Whirlpool Corporation v. Registrar of Trade Marks, Mumbai and Ors., (1998) 8 SCC 1, come to rescue of the informant/victim.

(2) The verdict of Apex Court in the case of Lalita Kumari v. Government of U.P. & Ors. reported in (2014) 2 SCC 1 does not pertain to issue of

entitlement to writ of mandamus for compelling the police to perform statutory duty under Section 154 Cr.P.C. without availing alternative remedy

under Sections 154(3), 156(3), 190 and 200 Cr.P.C.

(3) Subject to (1) supra the informant/victim after furnishing first information regarding cognizable offence does not become functus officio for seeking

writ of mandamus for compelling the police authorities to perform their statutory duty under Section 154 Cr.P.C. in case the FIR is not lodged.

(4) Subject to (1) supra the proposed accused against whom the first information of commission of cognizable offence is made, is not a necessary

party to be impleaded in a petition under Article 226 of the Constitution of India seeking issuance of writ of mandamus to compel the police to perform

their statutory duty under Section 154 Cr.P.C.

13. The principle of law laid down in Shweta Bhadoria (supra) was subsequently followed by another Division Bench of that Court in the matter of

Dharmendra Sonkar v. State of M.P. and others 2018(1) M.P.L.J. 716 and in that case, the Division Bench speaking through Hemant Gupta, CJ, (as

then His Lordship was) clearly held that in Lalita Kumari (supra), there is no mandate that writ Court under Article 226 of the Constitution of India,

should issue a direction for registration of FIR and observed as under: -

 ""7. The Constitution Bench in Lalita Kumari (supra) was considering the question as to whether registration of an FIR is mandatory, in case it

discloses a cognizable offence. If the information does not disclose a cognizable offence, it mandates to conduct a preliminary enquiry. But, there is no

mandate in the aforesaid judgment that this Court under Article 226 of the Constitution of India should issue a direction for registration of an FIR.

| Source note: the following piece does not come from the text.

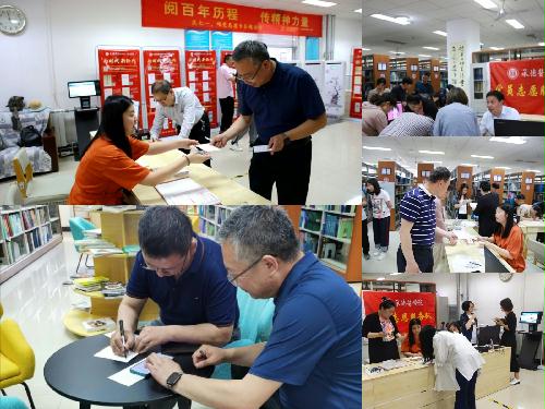 2021年6月10日,公共教学教辅党委、公共教学教辅分工会于图书馆四楼科技流通部联合开展“阅百年历程、传精神力量”庆七一、颂党恩搜书答题活动,本活动由图书馆党支部承办,公共教学教辅党委全体党员、公共教学教辅分工会全体会员参加。 参加人员前往图书馆四楼抽取任务单,完成QQ阅读登录,在“新时代、新经典”优秀党建图书主题展览中选择党建电子图书进行阅读;找到指定图书中的答题卡,完成党建知识、红医精神答题并结合党史学习的体会填写“读党史·悦阅读”“守纪律·开新局”读者寄语卡片。 本次搜书答题活动是公共教学教辅党委创建的“党建+”模式中的“党建+工建”工作模式,以党建带工建,以工建促党建,党内外人士在活动中互相促进和提高,既推广了图书馆的馆藏资源,又加强了统一战线的工作,使党委的凝聚力得到增强。公共教学教辅党委将不忘初心、凝心聚力,以实际行动庆祝建党100周年。 (点击每张图片即可查看原图) 阅读党建电子图书 搜书、找答题卡 答题、写寄语 “读党史、悦阅读”“守纪律、开新局”读者寄语 合影 作者:图书馆 高雅佳 编辑:党委宣传统战部 范萌 审核:党委宣传统战部 王海民 | ||||||||

Such a question has been specifically answered in Aleque Padamsee and others (supra), Sakiri Vasu (supra) and Sudhir Bhaskar Rao Tambe

(supra).

14. In my considered opinion, the course open to the petitioner, if any, is to avail the remedy available to him under Sections 154(3), 156(3), 190 and

200 of the CrPC and writ of mandamus can be denied to the petitioner for non-availing the above-stated statutory alternative remedy as held by Their

Lordships of the Supreme Court in Sakiri Vasu (supra), Aleque Padamsee (supra) and Sudhir Bhaskarrao Tambe (supra). However, in order to have

an authoritative pronouncement of this Court and looking to the fact that it involves a substantial question of law, the matter is referred to the Hon'ble

Chief Justice for constituting a Larger Bench under Rule 32(2)(i) of the High Court of Chhattisgarh Rules, 2007 on the following stated question: -

Whether in view of remedies available to the writ petitioner under Sections 154(3), 156(3), 190 and 200 of the CrPC, writ of mandamus / appropriate

direction can be issued to the police authorities to perform statutory duty under Section 154(1) of the CrPC in this petition stating that despite giving

information of the commission of cognizable offences, first information report is not being registered?

15. Let the matter be placed before the Hon'ble Chief Justice for consideration and constituting a larger Bench.